What the exercise asks: Restate word for word the entries below, starting with the line with "Na manhã de" and continuing through the line with "Я не спрашивал". Include both of those lines and no others.
##### Dataset records
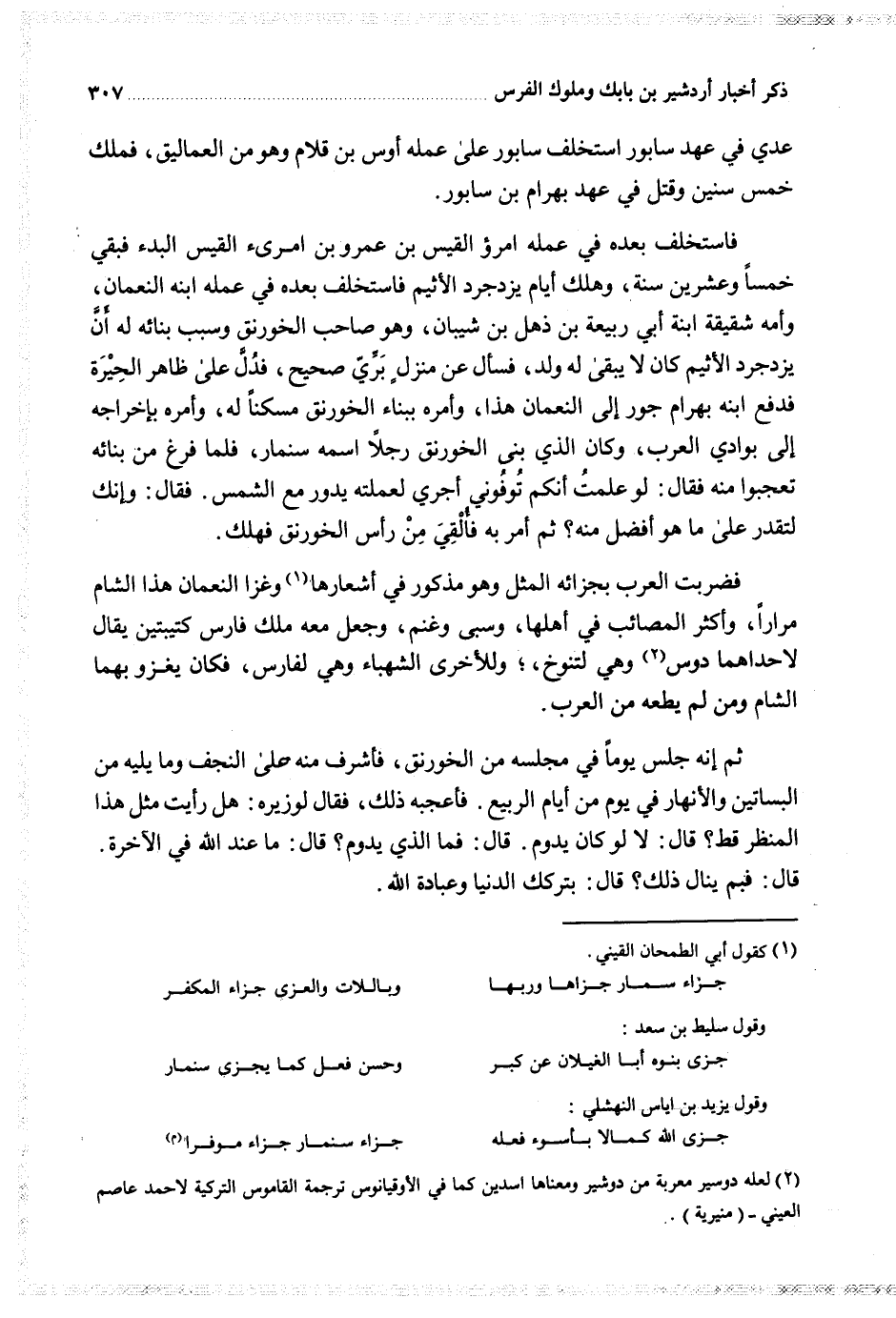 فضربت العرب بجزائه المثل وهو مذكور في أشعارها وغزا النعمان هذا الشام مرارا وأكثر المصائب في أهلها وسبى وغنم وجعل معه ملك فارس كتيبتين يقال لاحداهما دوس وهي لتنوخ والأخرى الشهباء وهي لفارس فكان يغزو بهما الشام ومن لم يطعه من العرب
##########
##### Dataset records
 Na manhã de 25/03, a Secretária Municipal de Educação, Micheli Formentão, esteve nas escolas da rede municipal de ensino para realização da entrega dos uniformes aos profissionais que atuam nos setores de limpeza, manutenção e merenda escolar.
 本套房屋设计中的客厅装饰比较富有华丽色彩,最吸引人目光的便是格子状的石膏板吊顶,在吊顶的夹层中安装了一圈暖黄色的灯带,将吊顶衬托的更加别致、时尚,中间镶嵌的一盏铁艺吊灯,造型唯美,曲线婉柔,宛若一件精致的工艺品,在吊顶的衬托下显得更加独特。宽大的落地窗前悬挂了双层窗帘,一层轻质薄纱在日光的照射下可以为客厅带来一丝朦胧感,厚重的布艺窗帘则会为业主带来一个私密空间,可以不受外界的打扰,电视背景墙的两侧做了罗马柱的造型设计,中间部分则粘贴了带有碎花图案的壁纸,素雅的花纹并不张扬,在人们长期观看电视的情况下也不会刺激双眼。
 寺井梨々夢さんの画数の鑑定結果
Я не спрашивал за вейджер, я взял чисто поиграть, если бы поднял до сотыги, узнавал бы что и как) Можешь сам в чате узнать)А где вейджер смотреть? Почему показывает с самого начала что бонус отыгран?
##########
##### Dataset records
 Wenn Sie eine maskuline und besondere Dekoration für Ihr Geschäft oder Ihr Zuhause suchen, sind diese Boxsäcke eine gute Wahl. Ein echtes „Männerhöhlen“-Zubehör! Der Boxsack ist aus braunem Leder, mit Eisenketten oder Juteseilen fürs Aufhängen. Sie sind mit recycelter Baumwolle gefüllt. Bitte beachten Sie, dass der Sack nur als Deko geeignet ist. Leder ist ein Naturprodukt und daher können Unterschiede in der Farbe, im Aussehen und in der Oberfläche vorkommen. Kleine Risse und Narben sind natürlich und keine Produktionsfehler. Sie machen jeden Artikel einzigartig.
##########
Solution:
 Na manhã de 25/03, a Secretária Municipal de Educação, Micheli Formentão, esteve nas escolas da rede municipal de ensino para realização da entrega dos uniformes aos profissionais que atuam nos setores de limpeza, manutenção e merenda escolar.
 本套房屋设计中的客厅装饰比较富有华丽色彩,最吸引人目光的便是格子状的石膏板吊顶,在吊顶的夹层中安装了一圈暖黄色的灯带,将吊顶衬托的更加别致、时尚,中间镶嵌的一盏铁艺吊灯,造型唯美,曲线婉柔,宛若一件精致的工艺品,在吊顶的衬托下显得更加独特。宽大的落地窗前悬挂了双层窗帘,一层轻质薄纱在日光的照射下可以为客厅带来一丝朦胧感,厚重的布艺窗帘则会为业主带来一个私密空间,可以不受外界的打扰,电视背景墙的两侧做了罗马柱的造型设计,中间部分则粘贴了带有碎花图案的壁纸,素雅的花纹并不张扬,在人们长期观看电视的情况下也不会刺激双眼。
 寺井梨々夢さんの画数の鑑定結果
Я не спрашивал за вейджер, я взял чисто поиграть, если бы поднял до сотыги, узнавал бы что и как) Можешь сам в чате узнать)А где вейджер смотреть? Почему показывает с самого начала что бонус отыгран?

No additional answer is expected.